あやかしの癒し子〜祓い屋の出来損ないは、鬼の王の最愛〜

 九条家の居間には、重苦しい空気が満ちていた。

 奈津は畳へ額がつくほど深く頭を下げている。

 向かい側には、父と母。
 そして綾乃が座っていた。

 「よくのうのうと顔を出せたものだな」

 父の冷えた声が落ちる。

 「東堂家の後妻という役目すら果たさず逃げ出した。
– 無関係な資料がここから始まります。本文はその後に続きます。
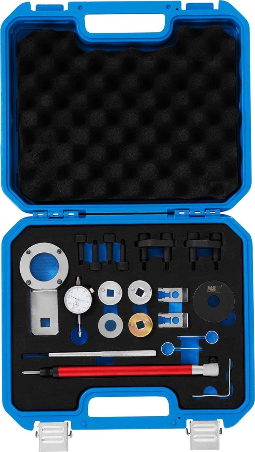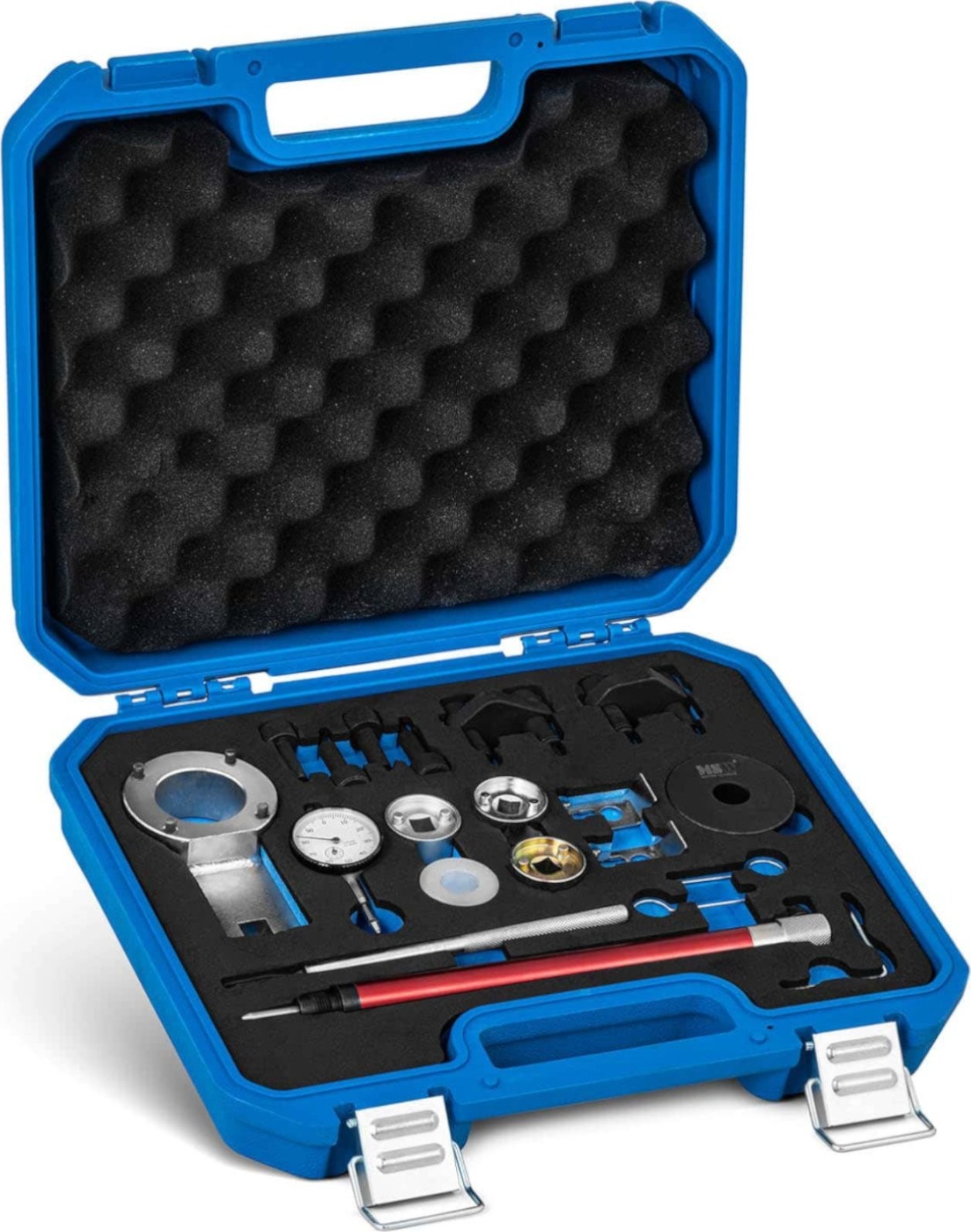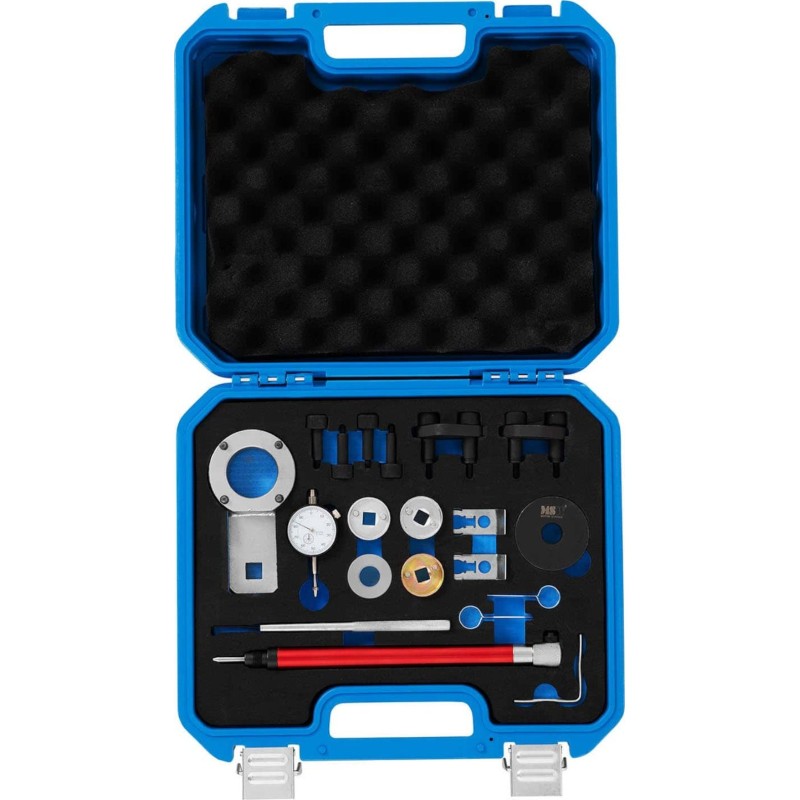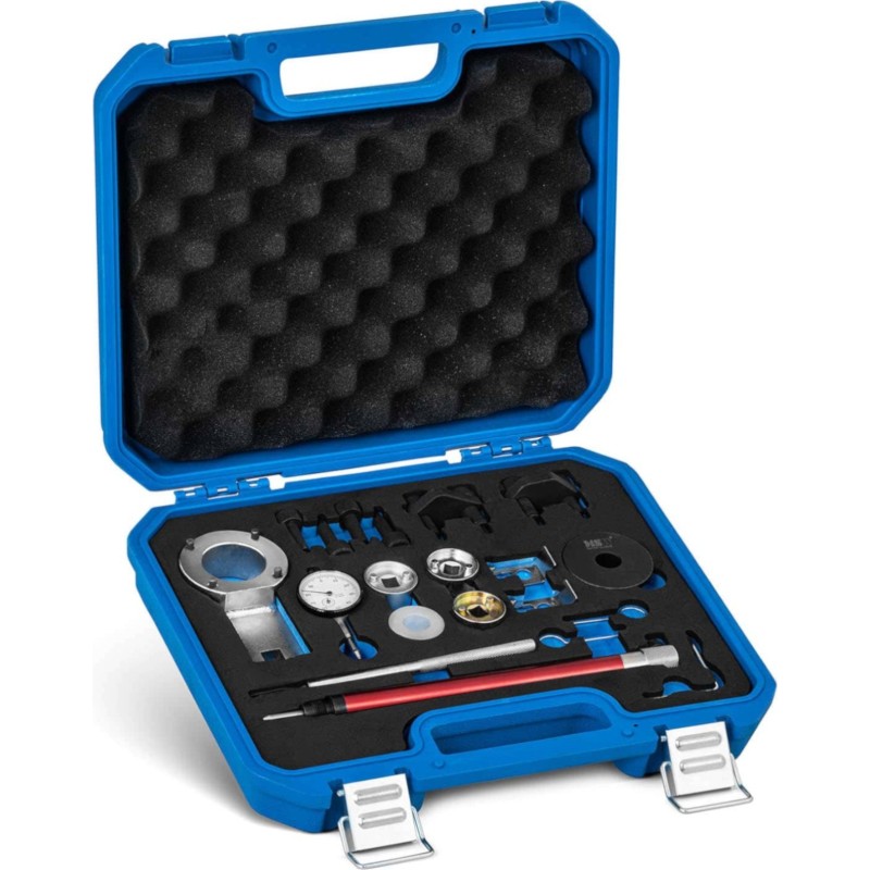 der Nockenwellenarretierung von MSW lassen sich VAG -Motoren der Baureihen 1.8 TSI / TFSI oder 2.0 TSI / TFSI reparieren. Dank dieser Arretierung können Kurbelwellen, Nockenwellen oder Steuerketten im Handumdrehen ausgetauscht und arretiert sowie weitere Reparaturen durchgeführt werden. Die Arretierung ermöglicht die Durchführung selbst komplexer Arbeiten an verschiedenen Fahrzeugmodellen. Die Werkzeuge sind präzise auf bestimmte Motorteile abgestimmt und daher einfach zu handhaben. Das MSW-Set ist zudem verschleißfest. Im Set enthalten sind Werkzeuge zur Einstellung der Nockenwelle und der Kurbelwelle, ein Sicherungsstift für die Ölpumpe, zwei Sicherungselemente für die Kettenräder, eine Kettenspannvorrichtung und viele weitere Teile. Die Werkzeuge sind aus strapazierfähigem und robustem Kohlenstoffstahl gefertigt, der eine lange Lebensdauer gewährleistet. Das Gerät eignet sich daher sowohl für professionelle Kfz-Werkstätten als auch für Hobby-Mechaniker. Wenn das Gerät nicht gebraucht wird, können alle Werkzeuge in einem robusten Kunststoff-Transportkoffer verstaut werden.

お前のせいで、どれだけ損害が出たと思っている」

 奈津は唇を噛み締める。
 母も、汚れでも見るような目を奈津へ向けた。

 「男と駆け落ちしただの、変な噂まで立てられて……本当に恥をかいたわ」
 「まったく、お前は九条家の恥よ」

 静かな侮蔑。

 昔なら、その言葉だけで身体が竦んでいた。

 「まあまあ、お父様、お母様」

 綾乃がくすりと笑う。

 「せっかくお姉様が帰ってきてくださったのだから」

 柔らかな声音。
 けれど、その瞳には嘲りが滲んでいた。

 綾乃は奈津を上から下まで眺める。

 「……お姉様、随分いい着物を着ているのね」

 奈津の肩がぴくりと揺れる。

 幽世で用意された着物は、九条家にいた頃のものより遥かに上質だった。

 「無一文で出て行ったはずなのに」

 綾乃は小首を傾げる。

 「一体、どこで暮らしていたの?」

 奈津は答えに詰まる。

 幽世のことなど話せるはずがない。

 綾乃はそんな奈津を見て、ふっと笑った。

 「まあ、いいわ」

 そして、どこか誇らしげに口を開く。

 「お姉様はもう聞いたかしら?」

 「一条家当主が急逝して、蔵馬様が新当主になられたの」

 奈津は小さく目を見開く。

 「そして私が――蔵馬様の花嫁候補に選ばれたのよ」

 母が嬉しそうに笑う。

 「一条家の次期当主様に見初められるなんて、綾乃は本当に立派だわ」

 奈津と違って。
 その言葉が、口にされなくても伝わってくる。

 父も満足げに頷いた。

 「これで九条家も安泰だ」

 綾乃は嬉しそうに頬へ手を当てる。

 「それでね、今度一条家で祝宴が開かれることになったの」
 「そこで私が花嫁候補に選ばれたことも、お披露目されるのよ」

 そして。
 綾乃は、にっこりと笑った。

 「是非、お姉様もいらしてね」

 奈津は目を瞬かせる。

 「……え?」

 胸の奥が、嫌な予感でざわつく。

 「……私が行く必要は」

 ない、と言いかけたとき。

 「絶対よ、お姉様」

 綾乃の笑みが、ゆっくり深くなる。